Re: [PATCH 2/2] ls-files: add --sparse option

[Date Prev][Date Next][Thread Prev][Thread Next][Date Index][Thread Index]

 



On 11/22/2021 1:36 PM, Elijah Newren wrote:
> On Tue, Nov 16, 2021 at 7:38 AM Derrick Stolee via GitGitGadget
> <gitgitgadget@xxxxxxxxx> wrote:
>>
>> From: Derrick Stolee <dstolee@xxxxxxxxxxxxx>
>>
>> Existing callers to 'git ls-files' are expecting file names, not
>> directories. It is best to expand a sparse index to show all of the
>> contained files in this case.
>>
>> However, expert users may want to inspect the contents of the index
>> itself including which directories are sparse. Add a --sparse option to
>> allow users to request this information.
>>
>> During testing, I noticed that options such as --modified did not affect
>> the output when the files in question were outside the sparse-checkout
>> definition. Tests are added to document this preexisting behavior and
>> how it remains unchanged with the sparse index and the --sparse option.
> 
> Sure, 'git diff' and 'git status' don't show anything for such files
> either; we're being consistent.  However, this feels like it's
> normalizing an erroneous condition, possibly starting to cement one of
> the bigger UI problems we have the sparse-checkout (and sparse-index):
> 
> I assert that: Having tracked files be SKIP_WORKTREE despite having a
> file present in the working directory is typically an *error*, and one
> that we need to help users prevent/discover/recover-from.

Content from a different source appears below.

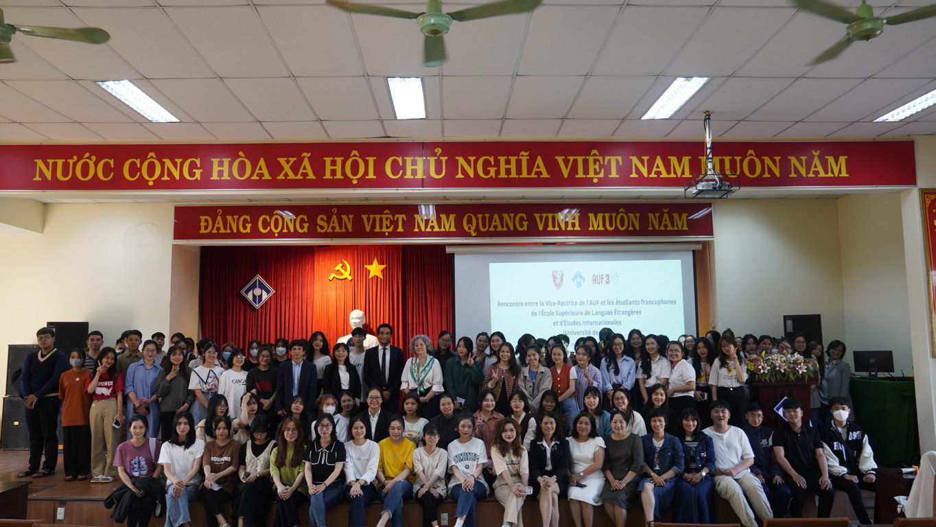 Sau thời gian tiếp kiến và làm việc với đại diện Ban Giám hiệu Nhà trường, đoàn công tác AUF đã tham dự giao lưu cùng tập thể giảng viên và sinh viên tiếng Pháp của Khoa Tiếng Pháp - Tiếng Nga. Tại đây, sinh viên tiếng Pháp đã giới thiệu với đoàn về thành phố Huế và du lịch Huế. Bên cạnh đó, sinh viên tiếng Pháp cũng đã giới thiệu với đoàn công tác AUF về các hoạt động Pháp ngữ được tổ chức tại Khoa Tiếng Pháp - Tiếng Nga và trình bày về những thuận lợi cũng như khó khăn trong quá trình học tiếng Pháp, trên cơ sở đó trình bày ý tưởng thành lập câu lạc bộ pháp ngữ để hỗ trợ hiệu quả cho việc học tiếng Pháp cũng như quảng bá pháp ngữ ở Huế. Phía bà Phó Giám đốc cũng đã có phần giao lưu, giới thiệu sơ lược về AUF và trả lời một số câu hỏi của sinh viên về việc hỗ trợ tổ chức các hoạt động pháp ngữ cũng như trao đổi sinh viên về học thuật. Kết thúc chương trình, đoàn công tác đã chụp ảnh lưu niệm cùng tập thể giảng viên và sinh viên tiếng Pháp, với niềm tin tưởng về những hợp tác pháp ngữ tốt đẹp trong tương lai.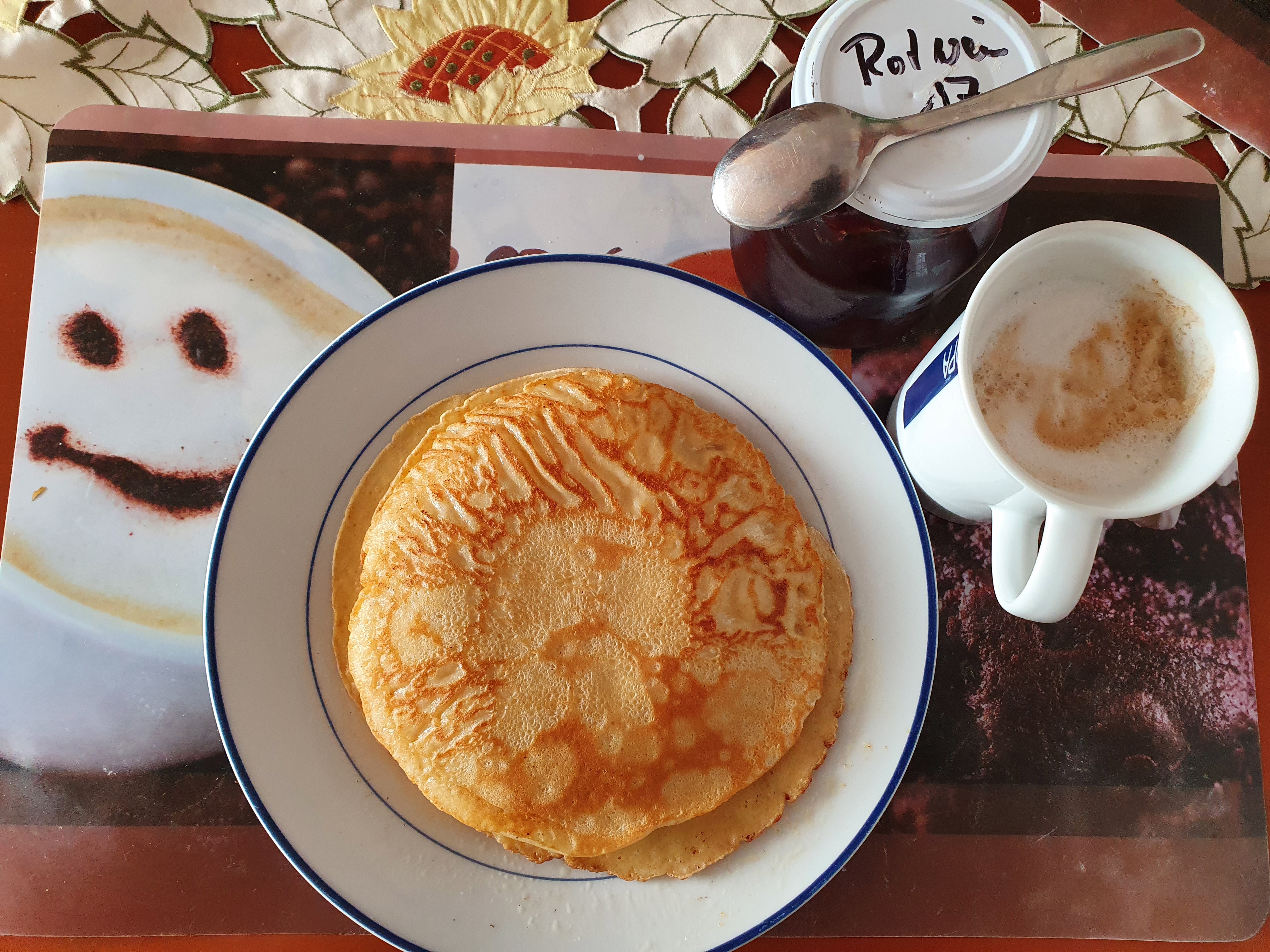 Vse smichame hnetacem nebo rukou s pridanim mleka. Melo by tak vzniknout ridci testo, ktere nalevame na rozehratou panev. Prednosti je nizky obsah cukru.

I do think we need to tread carefully here, since some users use
'git update-index --skip-worktree' to mark a file in their
worktree as "ignored" so they can change it from HEAD without it
ever being staged. This is usually independent of the sparse-
checkout feature, so you might want to focus your efforts to paths
that exist in the worktree but are outside of the sparse-checkout
patterns.

> * I've seen users get into this condition by doing the equivalent of
> either 'git sparse-checkout disable' or 'git sparse-checkout set
> $NEW_PATHS' and then hit Ctrl-C in the middle of its operation.
> * Users also just occasionally copy files from other places (maybe
> even `git show REVISION:FILE >FILE`), and potentially edit.
> 
> In either of the above cases:
> * There is no command provided for discovering these files; not diff,
> status, ls-files, or anything
> * There is no command provided for correcting the problem; not clean,
> not reset, or anything.  They have to do it by hand
> * There are ample opportunities for the error to propagate and grow,
> due to the fact that these files will not be reported or updated.[1]
> 
> [1] For example, the user may first either switch to another branch or
> resets to some other commit.  Neither of those operations update these
> erroneous present-despite-SKIP_WORKTREE files.  And there will still
> be nothing that reports them.  But now the files are out-of-date with
> respect to the new commit.  Now if the user disables or changes the
> sparse checkout, they suddenly have several "changed" files in their
> working tree -- which they didn't touch.  In the best case, they run
> diff or status or something and notice the files and then correct it,
> and just get perplexed at where the changes came from.  But with
> enough users, some percentage of them are just going to commit (some
> of) those changes.  When someone else asks why they modified those
> files, they'll (correctly, as it turns out) claim they never did and
> that no program on their system did.  They might even think those
> files weren't part of the commit and claim that git modified the
> commit behind their back, which would be wrong, but there won't be any
> reasonable logs to check to prove what happened.
> 
> 
> I know this issue is out of scope for your series here, but the
> addition of testcases that purposely set up an erroneous condition
> makes it feel like we're trying to normalize that situation and not
> treat it like an error, and are perhap undercutting future attempts to
> try to fix it.  I'd rather have it explicitly stated that we're
> setting up an erroneous condition in our tests, in order to make sure
> we handle it as best as we can so far -- in a manner in line with diff
> and grep -- but also note that later solutions to this deeper issue
> may affect one or more of these commands.

I appreciate the attention to this scenario, but I also think
that a patch series whose goal is to change how we react when
in this case already needs to make a case for changing the
behavior. Having tests that exist documenting the previous
behavior form a good basis for "it did this before, but now it
will do this," which hopefully further justifies the change.

Personally, I think of _every_ test as "this is what the code
does right now" and the purpose of a test is to show that we
don't change things _unintentionally_. Every test can be changed
if there is sufficient evidence that it should.

>> @@ -838,6 +844,7 @@ test_expect_success 'sparse-index is not expanded' '
>>         init_repos &&
>>
>>         ensure_not_expanded status &&
>> +       ensure_not_expanded ls-files --sparse &&
> 
> Do we also want a
>     ensure_not_expanded ls-files &&
> ?  We don't expect ls-files to write a new index file in any scenario, right?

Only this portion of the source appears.